— DATA TO EXAMINE —
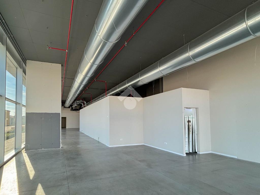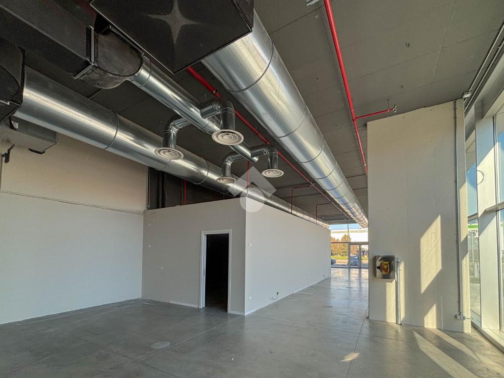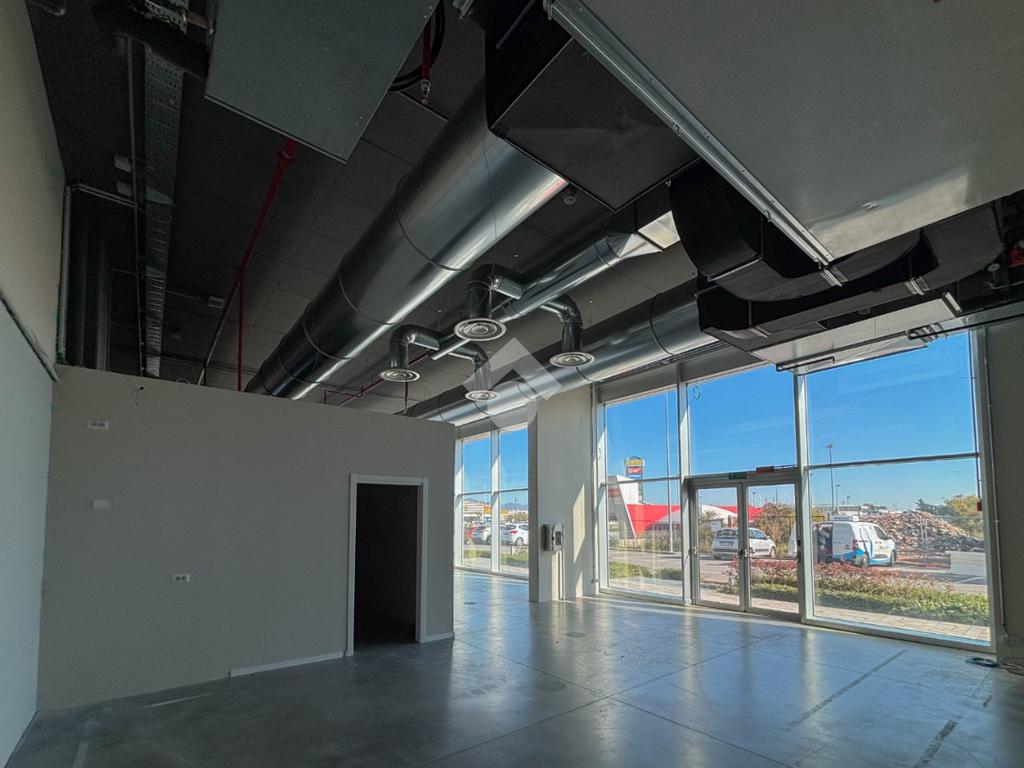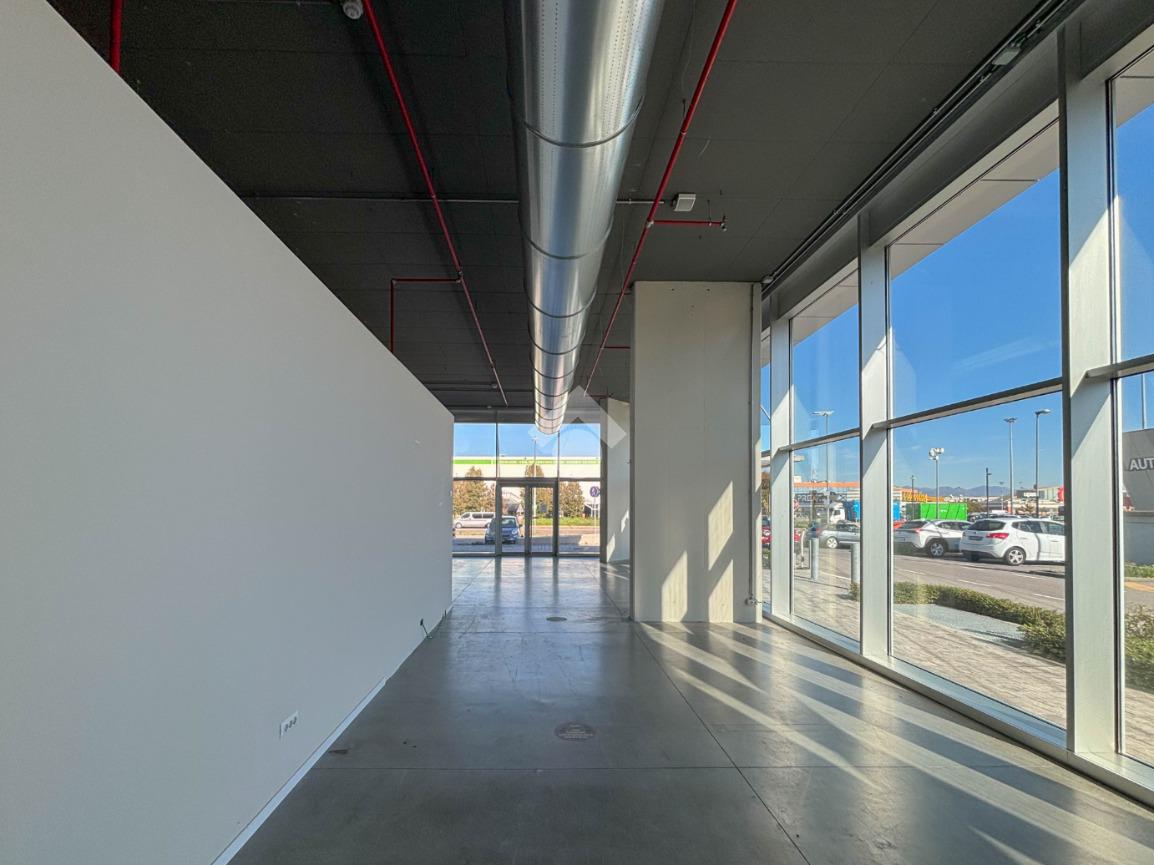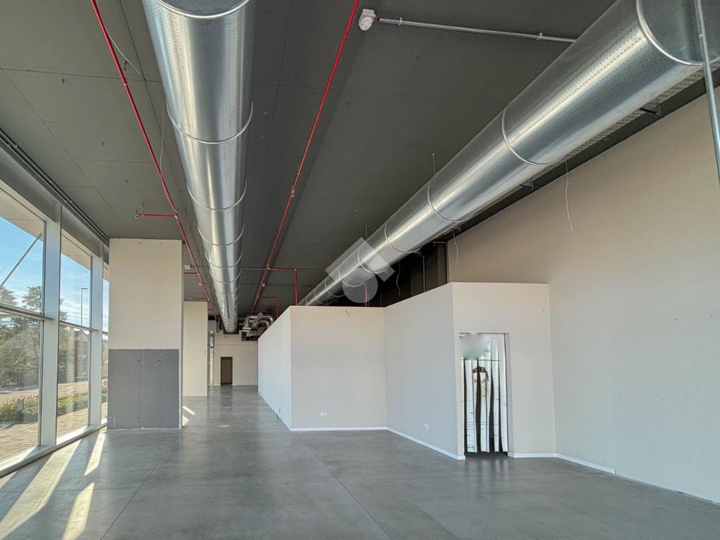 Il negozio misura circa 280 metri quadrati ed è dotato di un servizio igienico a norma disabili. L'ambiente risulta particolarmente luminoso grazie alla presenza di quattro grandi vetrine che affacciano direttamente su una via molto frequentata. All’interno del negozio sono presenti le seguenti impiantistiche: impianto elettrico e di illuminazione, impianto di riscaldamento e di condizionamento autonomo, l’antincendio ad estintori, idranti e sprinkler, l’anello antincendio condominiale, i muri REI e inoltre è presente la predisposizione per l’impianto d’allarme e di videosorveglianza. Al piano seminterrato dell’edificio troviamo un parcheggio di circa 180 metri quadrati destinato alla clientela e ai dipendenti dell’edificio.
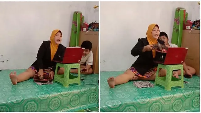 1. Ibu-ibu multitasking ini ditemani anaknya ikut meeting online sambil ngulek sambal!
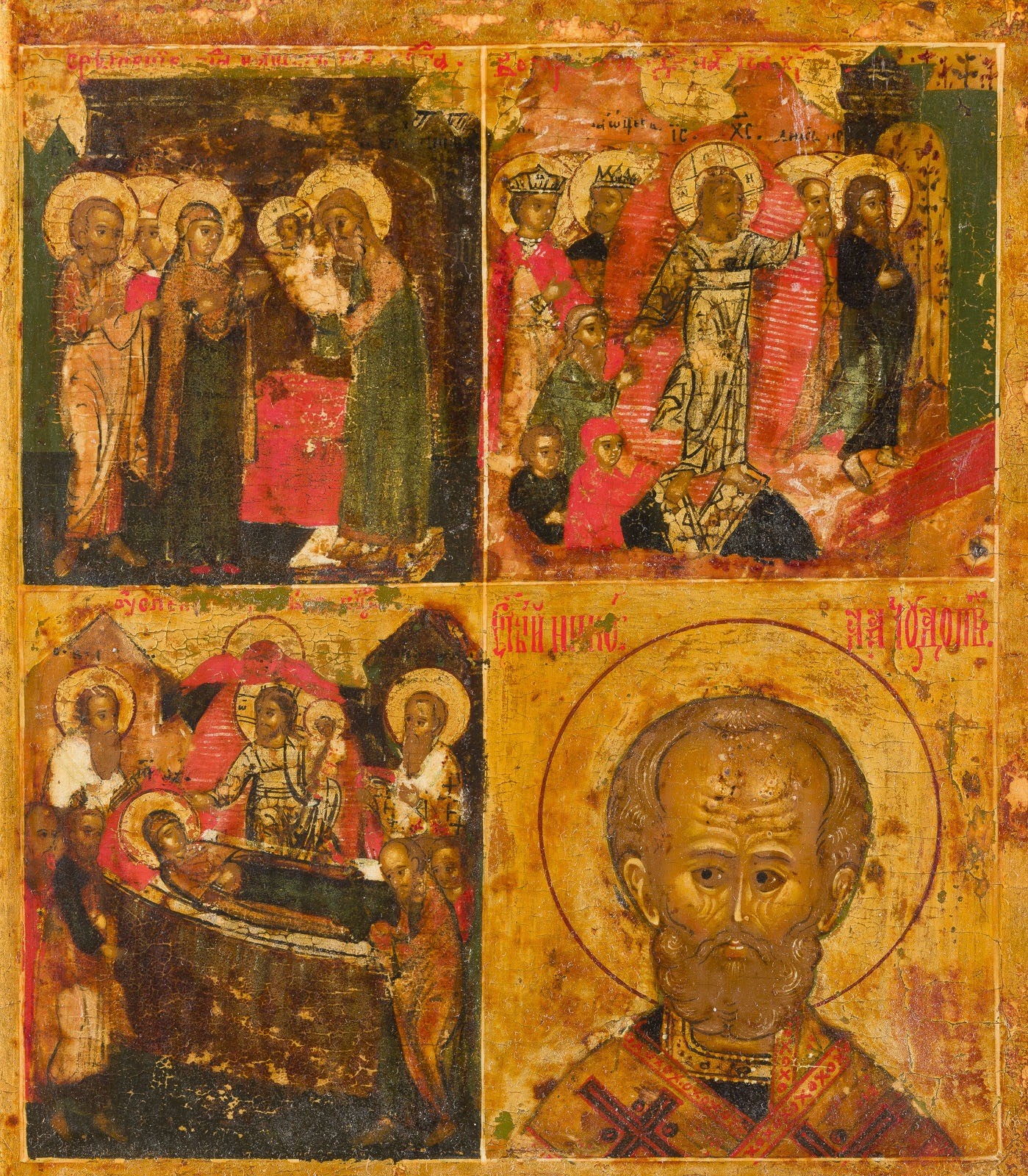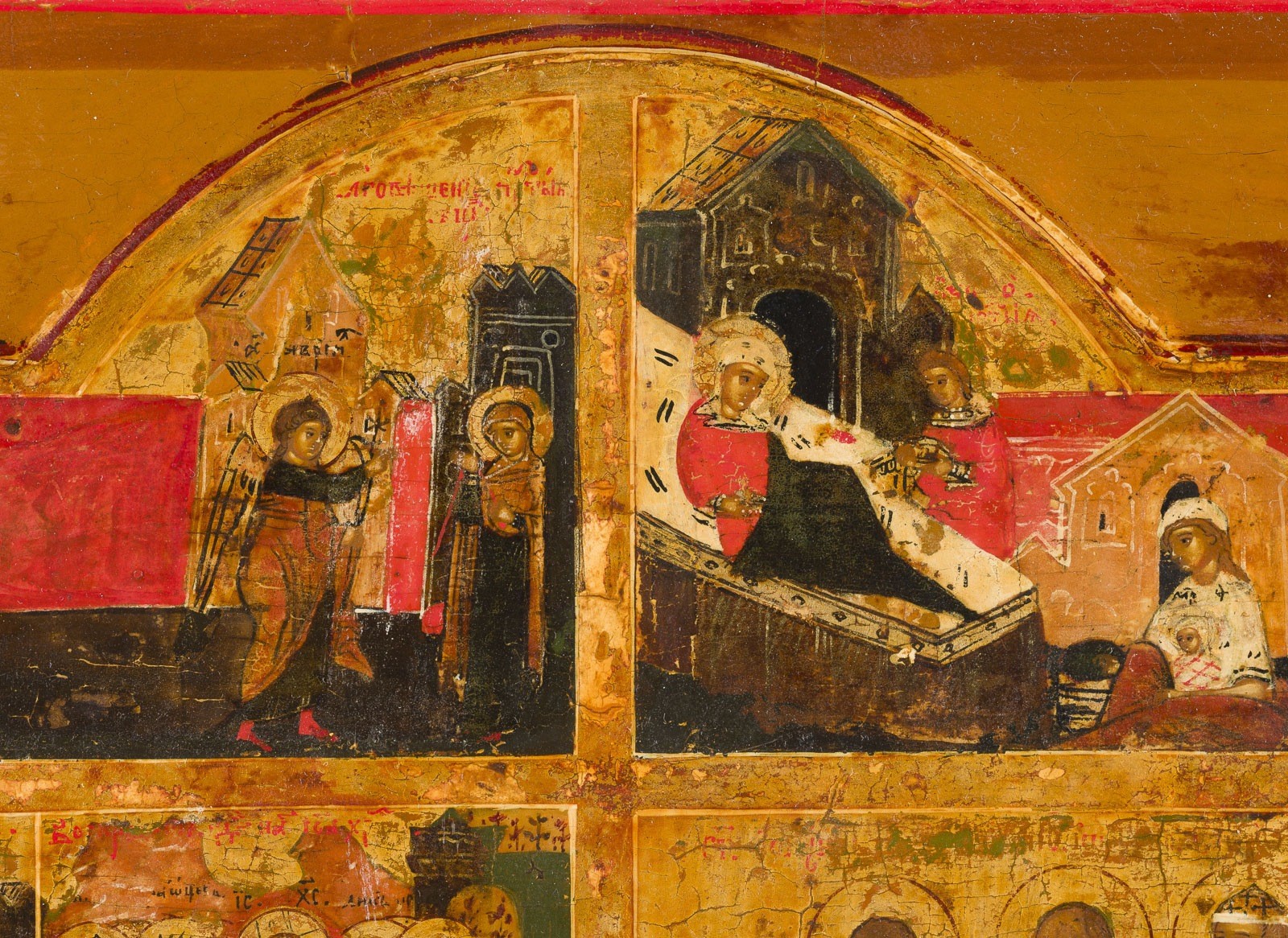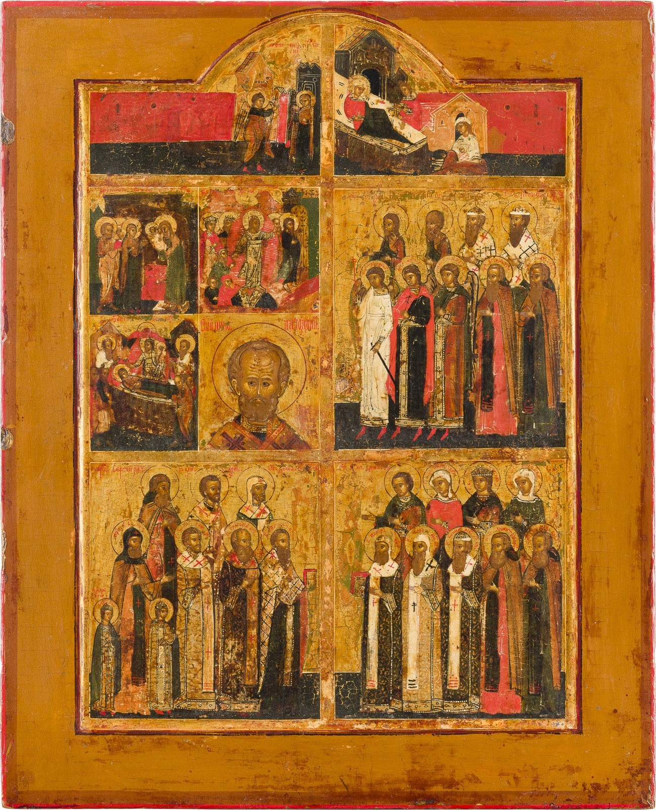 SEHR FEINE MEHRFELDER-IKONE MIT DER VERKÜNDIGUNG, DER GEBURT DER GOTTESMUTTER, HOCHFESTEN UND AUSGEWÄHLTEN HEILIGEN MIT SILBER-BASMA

==

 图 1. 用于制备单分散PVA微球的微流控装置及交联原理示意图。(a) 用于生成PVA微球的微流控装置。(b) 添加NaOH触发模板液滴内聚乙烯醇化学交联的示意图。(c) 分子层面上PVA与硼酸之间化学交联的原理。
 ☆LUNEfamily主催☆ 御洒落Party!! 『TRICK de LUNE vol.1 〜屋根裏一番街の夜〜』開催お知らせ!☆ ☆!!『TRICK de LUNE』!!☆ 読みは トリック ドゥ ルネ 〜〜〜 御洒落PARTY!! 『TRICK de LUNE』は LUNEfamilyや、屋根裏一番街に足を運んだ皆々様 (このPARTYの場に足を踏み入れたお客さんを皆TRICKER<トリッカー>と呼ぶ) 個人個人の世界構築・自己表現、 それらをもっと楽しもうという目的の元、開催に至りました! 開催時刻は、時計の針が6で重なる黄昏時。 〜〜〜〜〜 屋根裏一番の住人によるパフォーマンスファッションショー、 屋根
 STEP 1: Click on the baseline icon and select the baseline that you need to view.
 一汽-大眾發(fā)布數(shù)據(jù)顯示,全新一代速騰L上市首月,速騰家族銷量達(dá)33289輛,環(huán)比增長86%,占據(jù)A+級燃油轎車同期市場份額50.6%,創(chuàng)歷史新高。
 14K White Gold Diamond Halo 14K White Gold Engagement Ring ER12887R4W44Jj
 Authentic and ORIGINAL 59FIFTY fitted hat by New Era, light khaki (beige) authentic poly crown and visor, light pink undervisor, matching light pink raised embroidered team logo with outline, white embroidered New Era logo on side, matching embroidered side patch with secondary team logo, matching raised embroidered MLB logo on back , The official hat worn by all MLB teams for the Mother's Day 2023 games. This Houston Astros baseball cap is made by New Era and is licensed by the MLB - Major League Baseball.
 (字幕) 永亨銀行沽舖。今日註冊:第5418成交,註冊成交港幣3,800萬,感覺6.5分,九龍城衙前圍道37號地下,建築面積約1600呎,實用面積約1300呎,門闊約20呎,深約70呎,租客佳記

— WHAT NEEDS TO BE DONE —
An exact copy of the lines above between the line holding "STEP 1: Click" and the line holding "14K White Gold Diamond", inclusive, is the whole answer.

— EXERCISE SOLUTION —
 STEP 1: Click on the baseline icon and select the baseline that you need to view.
 一汽-大眾發(fā)布數(shù)據(jù)顯示,全新一代速騰L上市首月,速騰家族銷量達(dá)33289輛,環(huán)比增長86%,占據(jù)A+級燃油轎車同期市場份額50.6%,創(chuàng)歷史新高。
 14K White Gold Diamond Halo 14K White Gold Engagement Ring ER12887R4W44Jj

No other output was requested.